Als er nach Unterstützung gefragt habe, habe er als Antwort gehört, "du warst ja nie bei uns" und "du hast ja nie verhindert, dass eine Hausdurchsuchung bei uns stattfindet". Er habe kein einziges Verfahren beeinflusst, sagt Pilnacek. "Die ÖVP hat mir das zum persönlichen Vorwurf gemacht und gesagt, 'du lässt deine Staatsanwälte gegen uns arbeiten'." Namentlich nennt Pilnacek den früheren Innenminister und derzeitigen Nationalratspräsidenten Wolfgang Sobotka (ÖVP): "In jedem Gespräch sagt Sobotka, 'du hast selber versagt, du hast es nie abgedreht'. Aber das geht nicht und ich mache es nicht. Wir leben in einem Rechtsstaat".
Sobotka habe mit Pilnacek nie zu laufenden Verfahren, Ermittlungen oder Sicherstellungsanordnungen gesprochen, so ein Sprecher des Nationalratspräsidenten gegenüber dem "Standard" (online). "Wenn ein erst kürzlich, unter tragischen Umständen, verstorbener Mensch nun in die Öffentlichkeit gezerrt werden soll, um politisches Kleingeld zu schlagen, dann werden wir uns an einem solch pietätlosen Akt nicht beteiligen", betonte man weiters. Das "rücksichtslose Instrumentalisieren eines Menschen, der sich heute nicht mehr erklären kann, ist ein absoluter Tiefpunkt der politischen Kultur in unserem Land".
ÖVP-Bundespartei reagierte mit Stellungnahme
"Der Wahlkampf wirft bereits seine Schatten voraus", reagierte auch die ÖVP-Bundespartei unverzüglich mit einer schriftlichen Stellungnahme gegenüber der APA. "Mittels eines Tonbands wird nun sogar das Andenken an einen Toten missbraucht und instrumentalisiert", kritisierte Generalsekretär Christian Stocker. "Christian Pilnacek ist erst vor einigen Wochen unter tragischen Umständen ums Leben gekommen. Ich bin offen gestanden sprachlos, dass seine Person nun dafür herhalten muss, politisches Kleingeld zu schlagen und die Skandalisierungskampagne der SPÖ und FPÖ voranzutreiben." Die Hintergründe zu dem Tonband und "den Methoden, die an den russischen Geheimdienst erinnern", müssten aufgeklärt werden, forderte Stocker. "Wer es aufgezeichnet hat, was das Motiv ist, wer hinter diesen KGB-Methoden steckt."

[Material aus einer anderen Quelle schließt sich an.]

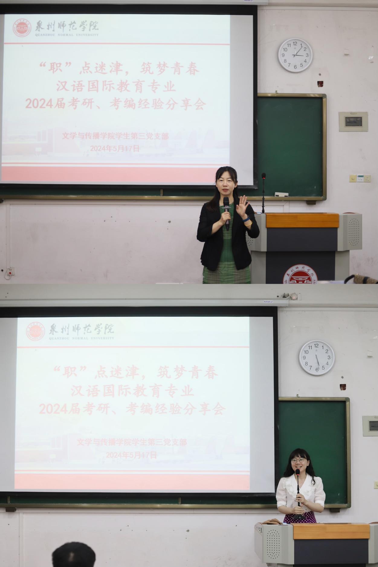 为增强专业凝聚力、传承成功上岸毕业生的经验,2024年5月17日下午,文学与传播学院学生第三党支部以“‘职’点迷津,筑梦青春考研”为主题,在俊秀东楼开展考研、考编经验分享会。

Inhaltlich verwies Stocker darauf, dass Pilnacek in Untersuchungsausschüssen im Parlament unter Wahrheitspflicht etwas anderes ausgesagt habe als bei dem heimlich aufgezeichneten Gespräch. So habe Pilnacek 2020 auf die Frage, ob es irgendjemanden gegeben habe, der ihn jemals darauf angesprochen habe, ein Auge auf ein Verfahren zu werfen, deutlich mit "nein" geantwortet. Im Jahr 2022 habe Pilnacek auf die Frage, ob es konkrete Behinderungen der Ermittlungen gegeben habe, geantwortet, "wenn Sie mich über konkrete Behinderungen fragen: nein", außerdem habe er, "wo ich die Fachaufsicht hatte, keine Wahrnehmungen über politische Beeinflussungen" gehabt.
Vorwürfe gegen Vertreter der Volkspartei "zerplatzen" regelmäßig "wie eine Seifenblase", ist Stocker überzeugt. "Außer falsche Vorverurteilungen bleibt nichts übrig."

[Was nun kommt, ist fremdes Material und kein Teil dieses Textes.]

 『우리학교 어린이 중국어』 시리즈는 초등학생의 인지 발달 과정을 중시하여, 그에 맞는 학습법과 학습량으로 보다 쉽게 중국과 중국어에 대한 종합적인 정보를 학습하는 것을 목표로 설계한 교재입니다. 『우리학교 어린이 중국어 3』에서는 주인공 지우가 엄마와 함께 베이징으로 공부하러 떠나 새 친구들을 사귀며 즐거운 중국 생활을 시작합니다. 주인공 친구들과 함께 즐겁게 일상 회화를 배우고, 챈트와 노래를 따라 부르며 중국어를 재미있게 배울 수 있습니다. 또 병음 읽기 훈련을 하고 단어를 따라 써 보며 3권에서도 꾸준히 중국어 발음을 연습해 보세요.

Pilnacek ist vor wenigen Wochen im Alter von 60 Jahren verstorben. Das Obduktionsergebnis steht noch aus. Der zuletzt suspendierte Sektionschef des Justizministeriums galt über lange Jahre neben dem jeweiligen Minister als mächtigster Mann im Justizministerium. Unter Türkis-Blau avancierte er zum Generalsekretär. Diverse Vorwürfe, unter anderem wegen Verletzung des Amtsgeheimnisses, führten später zu seiner Suspendierung und mehreren Verfahren. Im einzigen bisher abgeschlossenen Prozess wurde er freigesprochen.